That’s the headline for this essay from Bill Ditewig, in the new edition of America.

Snip: 

First, we must immediately retire the use of adjectives to describe a deacon as either a “permanent” deacon or a “transitional” deacon. For decades now, scholars and bishops have pointed out that there is only one Order of Deacons, just as there is only one Order of Presbyters and one Order of Bishops. All ordinations are permanent, so calling a deacon a “permanent” one is redundant, and calling a seminarian-deacon a “transitional” deacon is sacramentally wrong. All deacons are permanent. We do not refer to a presbyter who is later ordained a bishop as a “transitional” priest!

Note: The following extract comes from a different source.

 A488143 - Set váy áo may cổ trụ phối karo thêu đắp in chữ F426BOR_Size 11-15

The U.S.C.C.B. recognized this years ago and renamed the secretariat responsible for the diaconate. It had been known as the Secretariat for the Permanent Diaconate, and the actual Committee of Bishops responsible was known as the Committee on the Permanent Diaconate. In the mid-1990s, the word “permanent” was removed from both the committee’s name and its supporting secretariat. Although this realization was made decades ago, we still encounter references to men being ordained into the permanent diaconate or into the transitional diaconate, as if there were two separate orders of deacons.

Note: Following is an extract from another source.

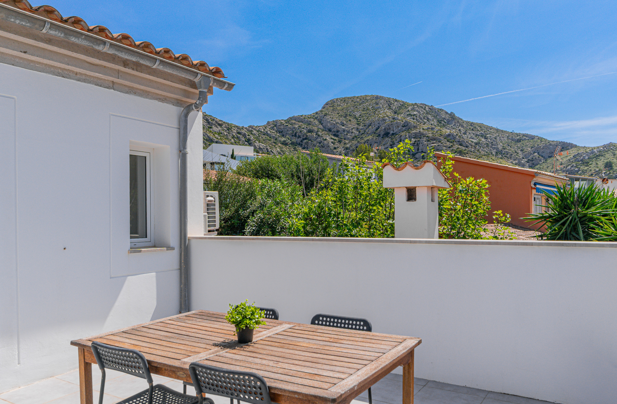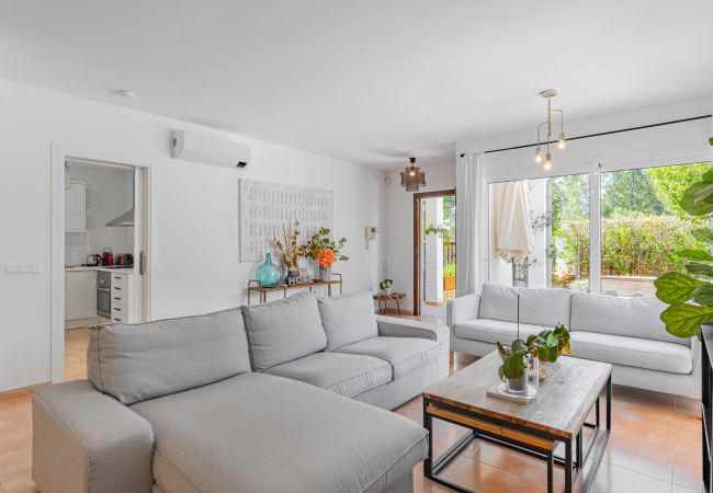 Diese charmante Finca in Alcúdia, Mallorca, reflektiert mallorquinische Tradition mit einem minimalistischen Touch. Mit zwei Schlafzimmern (ein Doppel- und ein Einzelzimmer) kombiniert sie rustikale Elemente wie Holzbalken mit einem hellen und modernen Design.

Why is this such a big deal? Because words matter. To think of the diaconate as a temporary stop on the road to somewhere else minimizes the sacramental significance of where one is already. How many deacon-seminarians have heard comments on the day of their diaconal ordination, “Well, you’re almost there, aren’t you?” And how many so-called permanent deacons have heard, “O.K., so when is your real ordination?” meaning, “When will you be ordained to the presbyterate?” One newly-ordained deacon recalls a family member commenting after his ordination that the ceremony “was almost like a real ordination”!

A deacon is a deacon is a deacon. Maintaining an apprentice model in the seminary dilutes and distorts all of this.

Second, the apprentice model perpetuates a distorted image of the diaconate. The diaconate, as experienced by a seminarian, is largely liturgical, school-based and, if the seminarian is lucky, parish-based. This makes sense if the diaconate is seen as a kind of “on-the-job training” for the presbyterate. But it does not reflect the realities, challenges and lifelong commitment to the diaconate that is faced by other deacons not aspiring or preparing for the priesthood. Deacons are formed under standards issued by the Holy See in 1998 and, here in the United States, by two successive editions of the National Directory for the Formation, Ministry, and Life of Permanent Deacons in the United States.

He concludes by noting it may well be time to ree-envision the diaconate:

If the diaconate is ever going to mature and come of age, capturing the Catholic imagination as a “full and equal order,” we must eliminate the vestiges of the cursus honorum and leave our apprenticeship behind.